§ What the task asks
Repeat the data word for word and skip the pictures.

§ Data section
┄┄┄┄┄┄

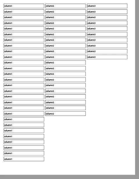 So here my question, what is it exactly that you want to do with these subforms, Is it a table? Are the rows linked between the subforms or is this just content that should spread over he three columns?
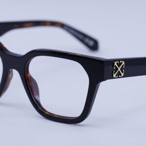 Authentic Off-White OERJ07P STYLE 7P 1000 eyeglasses in black frame with havana inside.
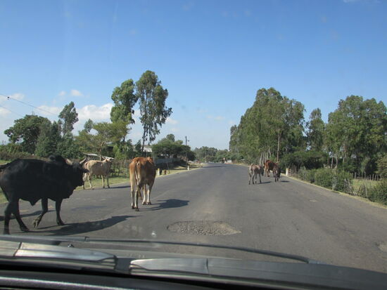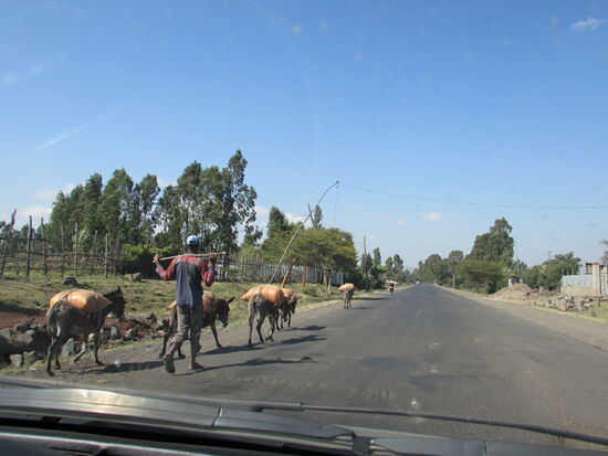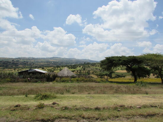 Außerhalb von Addis in südöstlicher Richtung liegt eine hügelige Landschaft mit überwiegend Ackerbau vor uns.

┄┄┄┄┄┄

§ The answer
 So here my question, what is it exactly that you want to do with these subforms, Is it a table? Are the rows linked between the subforms or is this just content that should spread over he three columns?
 Authentic Off-White OERJ07P STYLE 7P 1000 eyeglasses in black frame with havana inside.
 Außerhalb von Addis in südöstlicher Richtung liegt eine hügelige Landschaft mit überwiegend Ackerbau vor uns.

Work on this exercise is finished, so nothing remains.